WORK INSTRUCTIONS |
Print exactly, and only, the lines from the one containing "to\ DC\ Isolated\" through the last line of the records below, both included; leave out the pictures.

EXTRACTED DATA |
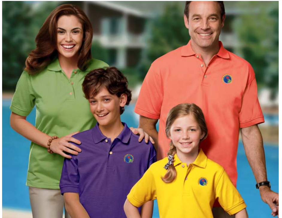
BLUE GENERATION'S EXCLUSIVE "SUPERBLEND" 60/40 PIQUE KNIT

Another way that Blue Generation differentiates itself
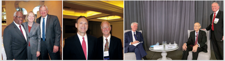
Justices Sandra Day O'Connor, Clarence Thomas, Stephen Breyer, and Samuel Alito have attended conferences.

When available, Justices from the United States Supreme Court and Chief Justices from our State Supreme Courts join us as speakers and at our receptions.
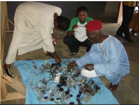
Patients Selecting Glasses

It is common to hear many patients who come to our mission clinics complain that they are suffering from blurred vision. This condition prevents some of them from working. The traditional rulers of the towns from which the people hail have requested for government assistance in curing, controlling or eliminating blindness due to cases of glaucoma, cataract or night blindness. Night blindness is a result of vitamin A deficiency. This is preventable in children by giving them vitamin A.
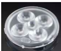
PENTA D= 35 MM (5UP) PMMA

PHILIPS LUMILEDS LUXEON A C12771_RER-7-S
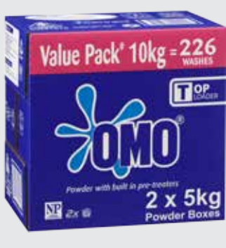
OMO FRONT LOAD LAUNDRY POWDER 10KG BOX 20281379
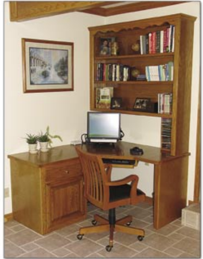
The sunroom features two matching built-in oak desks and bookshelves. The house is wired for broadband Internet access and cable TV.
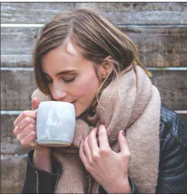
Winter-weather conditions and temperatures are upon us, now is a great time to review cold weather tips.

Insulate outdoor pipes that lead into your home to prevent freezing. Seal with caulk around the pipes that lead into and out of your home. Inside your home, leave the bathroom and under-sink cabinets open to
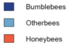
Who visits Vermont blueberries?
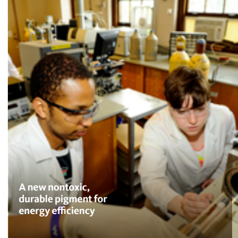
A new nontoxic, durable pigment for energy efficiency

Chemistry graduates are successful in top tier graduate schools in areas of analytical, materials, physical chemistry and bio-organic chemistry as well as in professional programs in science education, business, forensic science, pharmacy, medicine and dentistry. Many graduates work in a wide range of careers throughout the Pacific Northwest and across the country.
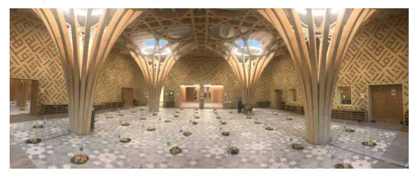
Figure 3: Iftar preparation in the Mosque

approach to the Muslim population of different nationalities, sects, and understandings, and answering the timely issues that Muslim society has been facing. The demographic of the Muslim community in the area of Cambridge is highly diverse, and the Mosque aims to provide an umbrella to all communities. For example, the Mosque has three imams from highly educated backgrounds and different nationalities and traditions: Turkish, Bosnian and American Muslim (Our Imams, 2024).
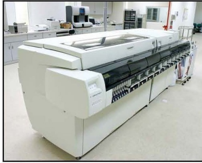
Figure 4 – Example of an Automated ELISA System

One option that may be available to us in the future is to license our Nucleosomics ® technology to a global diagnostics company. As of the date of this prospectus, we do not have an anticipated timeframe for licensing our Nucleosomics ® technology.
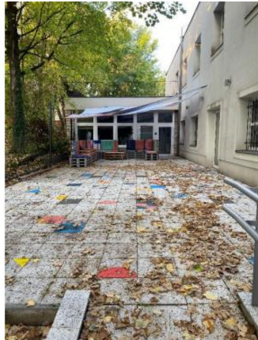
Figure 4 Garden
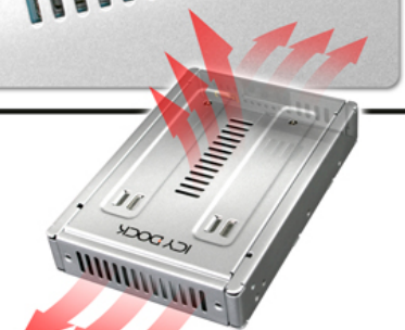
High Flow Air Cooling Vents
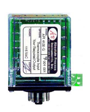
\frac{API\ 4130\ G\ L}{Thermocouple\ to\ DC\ Isolated\ Transmitter}

Solution: API modified a standard API 4130 G L units to remove the burn-out detection circuitry so there is no conflict with the burn-out detection current from the chart recorder. The API application engineering representative also recommended the customer get the EXTSUP option as the SLC500 programmable Logic controller (PLC) the customer is using requires a single ended input instead of a differential input.
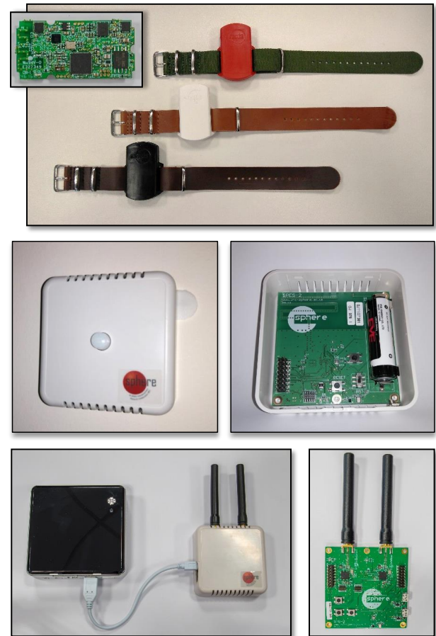
FIGURE 1: The bespoke SPHERE platforms that are being deployed in the houses of participants as part of SPHERE's 100 homes study: the SPHERE Wearable Sensor, SPW-2 (top); the SPHERE Environmental Sensor, SPES-2 (middle); the SPHERE Gateway, SPG-2 (bottom).

Inspired by [7], Hnat et al. [8] published " The Hitchhiker's Guide to Successful Residential Sensing Deployments ", focusing on indoor sensor deployments instead. Indeed, the authors share experiences from deploying more than 1200
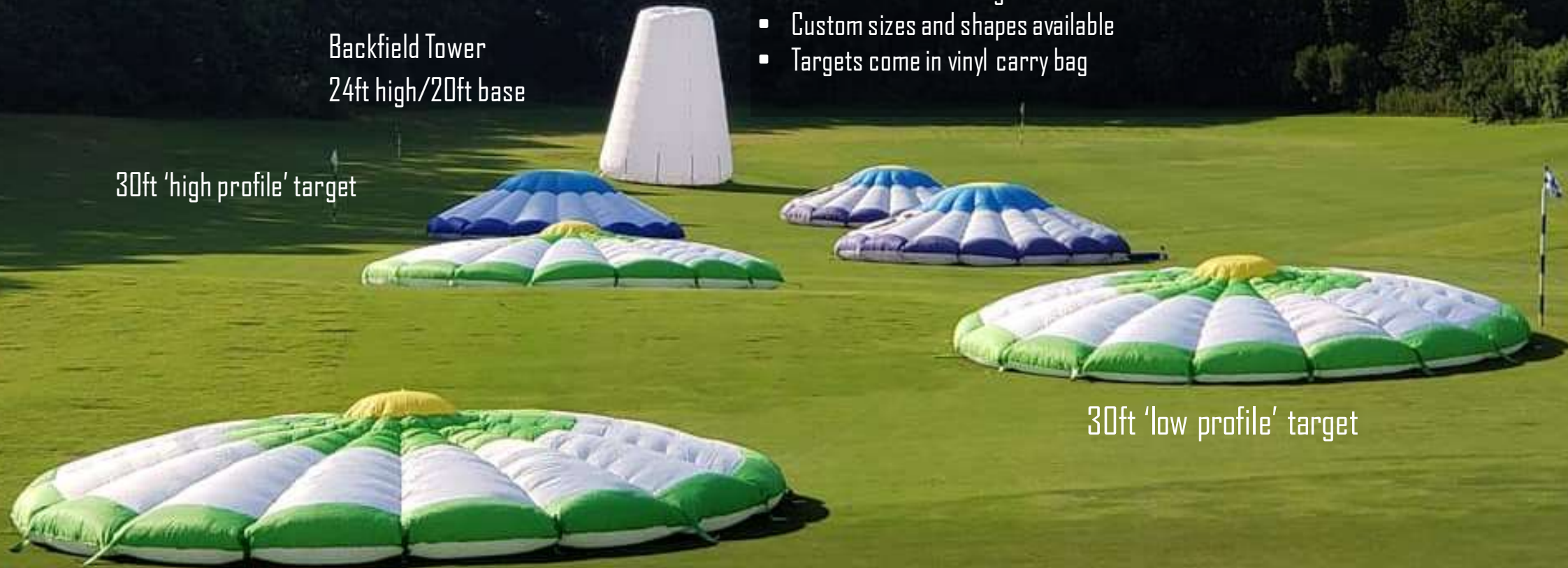
30ft 'low profile' target

COMPLETED TASK |
\frac{API\ 4130\ G\ L}{Thermocouple\ to\ DC\ Isolated\ Transmitter}

Solution: API modified a standard API 4130 G L units to remove the burn-out detection circuitry so there is no conflict with the burn-out detection current from the chart recorder. The API application engineering representative also recommended the customer get the EXTSUP option as the SLC500 programmable Logic controller (PLC) the customer is using requires a single ended input instead of a differential input.
FIGURE 1: The bespoke SPHERE platforms that are being deployed in the houses of participants as part of SPHERE's 100 homes study: the SPHERE Wearable Sensor, SPW-2 (top); the SPHERE Environmental Sensor, SPES-2 (middle); the SPHERE Gateway, SPG-2 (bottom).

Inspired by [7], Hnat et al. [8] published " The Hitchhiker's Guide to Successful Residential Sensing Deployments ", focusing on indoor sensor deployments instead. Indeed, the authors share experiences from deploying more than 1200
30ft 'low profile' target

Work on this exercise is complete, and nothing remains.